GloVe helps in understanding global word relationships in the dataset, Word2Vec on the otherhand is better for detailed relationships between nearby words.

We will use pre-trained GloVe Embeddings and test on dataset.

In [None]:
import gensim.downloader as api

# Load the pre-trained GloVe Twitter model with 25-dimensional vectors
# This model has been trained on a vast corpus of Twitter data, specifically 2B Tweets. Lower vocab size.
model = api.load("glove-twitter-25")

In [None]:
# Showcase how to search for synonyms
# Access the vector for a specific word
# word_vector = model['example']

# Find the most similar words
similar_words = model.most_similar('car')
similar_words

In [None]:
def vectorize_text(tokens, model):
    vectors = [model[word] for word in tokens if word in model]
    if vectors:
        return np.mean(vectors, axis=0)
    else:
        return np.zeros(model.vector_size)
# Step 2: Tokenize the Combined Text
df['tokenized_text'] = df['combined_text'].apply(word_tokenize)
df['word_2_vec_vectorized_text'] = df['tokenized_text'].apply(lambda x: vectorize_text(x, model))

# Step 5: Preprocess the Query and Vectorize It
def preprocess_and_vectorize_query(query, model):
    stop_words = set(stopwords.words('english'))
    tokens = [word.lower() for word in word_tokenize(query) if word.lower() not in stop_words and word.isalnum()]
    return vectorize_text(tokens, model)

# Step 6: Compute Cosine Similarity and Return Top Matches
def get_top_matches_with_word2vec(query, model, df, top_n=10):
    # Preprocess and vectorize the query
    query_vector = preprocess_and_vectorize_query(query, model)

    # Compute cosine similarity
    similarity_scores = df['word_2_vec_vectorized_text'].apply(lambda x: cosine_similarity([query_vector], [x])[0][0])

    # Add similarity scores to the DataFrame
    df['fit'] = similarity_scores

    # Sort the DataFrame by similarity scores in descending order
    df_sorted = df.sort_values(by=['fit', 'connections_numeric'], ascending=[False, False])

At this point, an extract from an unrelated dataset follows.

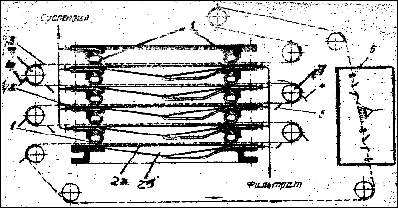 Рис. 26. Устройство и схема работы фильтр-пресса /на сборке показана стадия фильтрования/.

    # Return the top N results
    return df_sorted[['job_title', 'location', 'connection', 'fit']].head(top_n)

In [None]:
while True:
  # Get user input
  query = input("Enter your search query (or type 'exit' to quit): ").strip()
  if query.lower() == 'exit':
      print("Exiting the search.")
      break

  # Call the function to get top matches
  top_results = get_top_matches_with_word2vec(query, model, df)

  # Display the top results
  print("\nTop Matches:")
  print(top_results)

When using GloVe embeddings, the performance shows significant improvement compared to not using a pre-trained model. GloVe's pre-trained embeddings, trained on vast corpora, excel in capturing semantic nuances. Even with a small dataset, GloVe performs well, effectively recognizing context-specific terms better than TF-IDF.


Since GloVe is a count-based model as it constructs global word-word co-occurence matrix, it can capture meaningful word relationships even in smaller datasets. This model is more suitable for tasks with limited data.

### FastText

FastText is an open-source library (by Facebook's AI Research Lab) for efficient learning of word representations & text classification. FastText represents each word as a bag of character n-grams, this way it can generate embeddings for words not seen during training.

It is designed for speed & can handle large datasets efficiently. So this creats embeddings by considering subword (character n-gram) information, thus allowing it to capture internal word structures. This helps FastText handle Out-of-Vocabulary (OOV) words by constructing their embeddings from constituent character n-grams.

E.g., artificial with n=3 is represented by: ar, art, rti, tif, ifi, fic, ici, ial, al

FastText essentially enhances Word2Vec by representing each word as a combination of character n-grams, thus it can generate embeddings for words by summing the vectors of their n-grams. FastText's use of its subword compositions allows it to capture morphological variations and similarities between words that Word2Vec may miss due to its word-level focus. Bysumming the vectors of these n-grams, FastText captures the internal structure of words, it creates a composite vector that reflects the meaning of the entire word.


In [None]:
!pip install gensim
!pip install compress-fasttext


In [None]:
import os
os.listdir()

In [None]:
# from gensim.models.fasttext import load_facebook_model

# # Load the pruned FastText model
# model = load_facebook_model('cc.en.300.bin')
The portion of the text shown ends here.